:: Exercise brief ::
Find, in the records below, the line that contains "Wir erhalten die beeiden Lösungen t1 und t2." and the line that contains "Vele wilde bijensoorten". Copy those two lines and everything between them exactly, but not the pictures.

:: Exercise data ::
* * * *

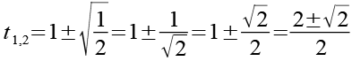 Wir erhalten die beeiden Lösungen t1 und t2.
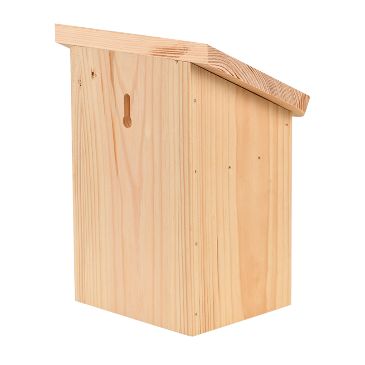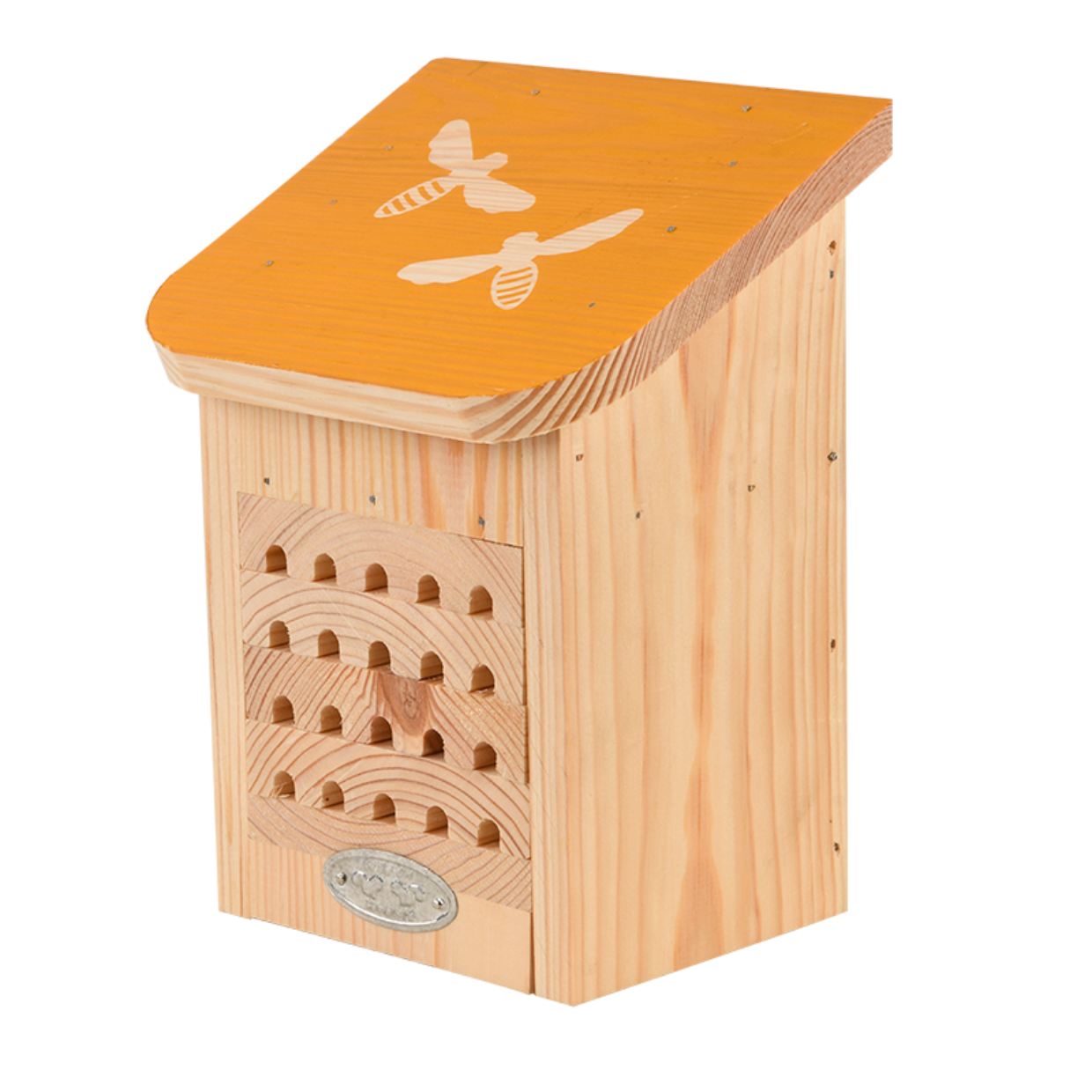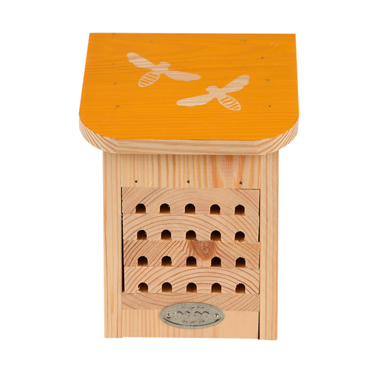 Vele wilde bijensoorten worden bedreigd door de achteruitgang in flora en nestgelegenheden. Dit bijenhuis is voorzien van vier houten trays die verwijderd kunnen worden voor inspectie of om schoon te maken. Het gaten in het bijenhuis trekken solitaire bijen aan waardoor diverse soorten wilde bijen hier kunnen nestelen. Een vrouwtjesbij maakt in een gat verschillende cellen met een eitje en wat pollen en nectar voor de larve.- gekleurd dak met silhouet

* * * *

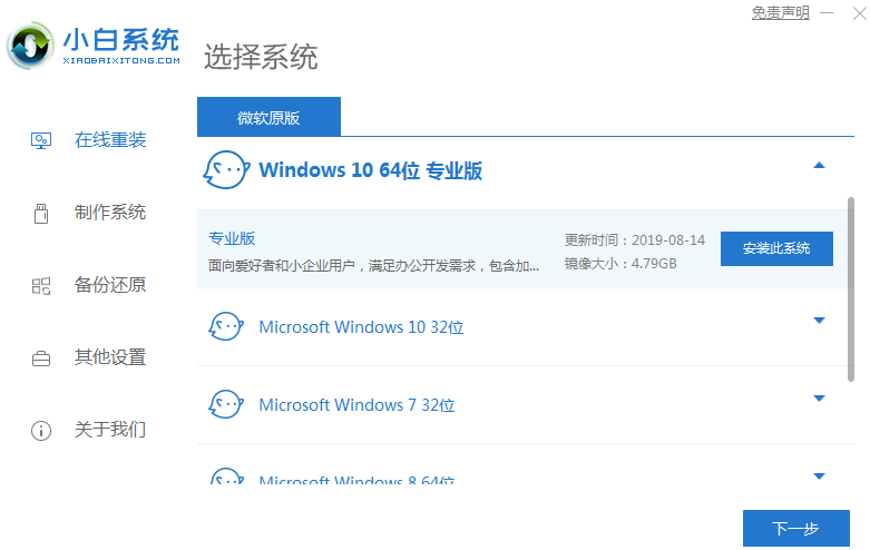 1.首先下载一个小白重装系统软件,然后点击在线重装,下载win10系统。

* * * *

:: Response below ::
 Wir erhalten die beeiden Lösungen t1 und t2.
 Vele wilde bijensoorten worden bedreigd door de achteruitgang in flora en nestgelegenheden. Dit bijenhuis is voorzien van vier houten trays die verwijderd kunnen worden voor inspectie of om schoon te maken. Het gaten in het bijenhuis trekken solitaire bijen aan waardoor diverse soorten wilde bijen hier kunnen nestelen. Een vrouwtjesbij maakt in een gat verschillende cellen met een eitje en wat pollen en nectar voor de larve.- gekleurd dak met silhouet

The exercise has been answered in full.